The invention relates generally to imaging systems and more specifically to a system and method for segmentation lesions in medical images.
In many imaging systems such as computed tomography systems, for example, cross-sectional images or slices are made by an X-ray system, which are used for diagnosis. In positron emission tomography (PET) systems, for example, the patient is commonly injected with a biologically active radioactive tracer. The radioactive decay of the tracer emits a positron that annihilates with electrons in the body of the patient. This annihilation produces two high energy (about 511 KeV) photons propagating in nearly opposite directions (about 180 degrees apart) that are in coincidence. A detector and a computer system are used together for creating detailed images of a patient's organs and other body parts. The imaging capabilities are physically similar to those of X-ray systems, magnetic resonance imaging (MRI) systems, ultrasound systems, positron emission tomography (PET) systems, and other modalities similarly adapted to imaging certain tissues or anatomies.

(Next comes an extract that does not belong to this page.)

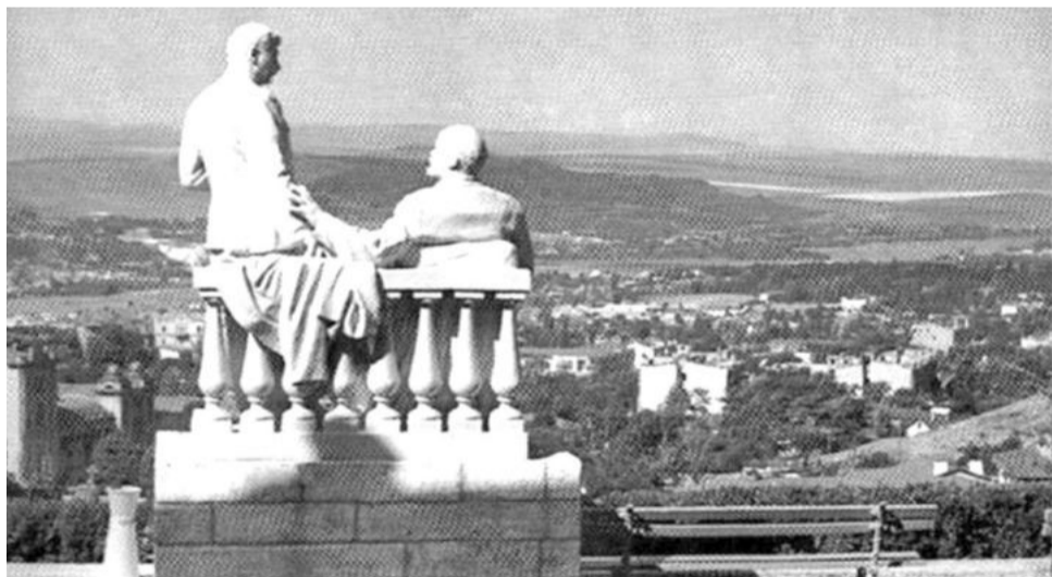
Скульптура «Ленин и Сталин» перед Академической галереей. Начало 1950-х годов

The images generated by the imaging system are analyzed using imaging algorithms and pathologies of concern are highlighted which are then reviewed by radiologists for final diagnosis. As can be appreciated by those skilled in the art, certain subsequent imaging procedures may become feasible or may be recognized as desirable due to the improved management of data volume.
The images are typically analyzed for multiple features. For example, in oncology applications, the image is analyzed to locate and delineate lesions or tumors. Successful radiation therapy depends upon accurate delivery of a prescribed dose to the tumor while sparing as much as possible of the adjacent healthy tissue. The analysis of the images can be performed by various imaging techniques such as employing a segmentation scheme that quickly and accurately delineates tumor boundaries.
In most imaging systems employing segmentation schemes, experienced nuclear medicine physicians perform the tumor delineation manually. Such schemes are challenging for physicians due to small tumor sizes, blurred boundaries, inhomogeneous lesions and regions near to the lesion with similar image characteristics to the lesion. In addition, the method is time consuming and is a subjective process that is susceptible to fairly large inter and intra operator variations. Other segmentation schemes have been based primarily on determining a global threshold either manually or using data-driven classification. These methods, however, are not suitable to segment lesions that are located adjacent to other regions of high uptake and are sensitive to the dynamic range of the data.
Therefore, there is a need for developing a segmentation scheme that accurately identifies and delineates lesion boundaries in images in a robust and repeatable manner.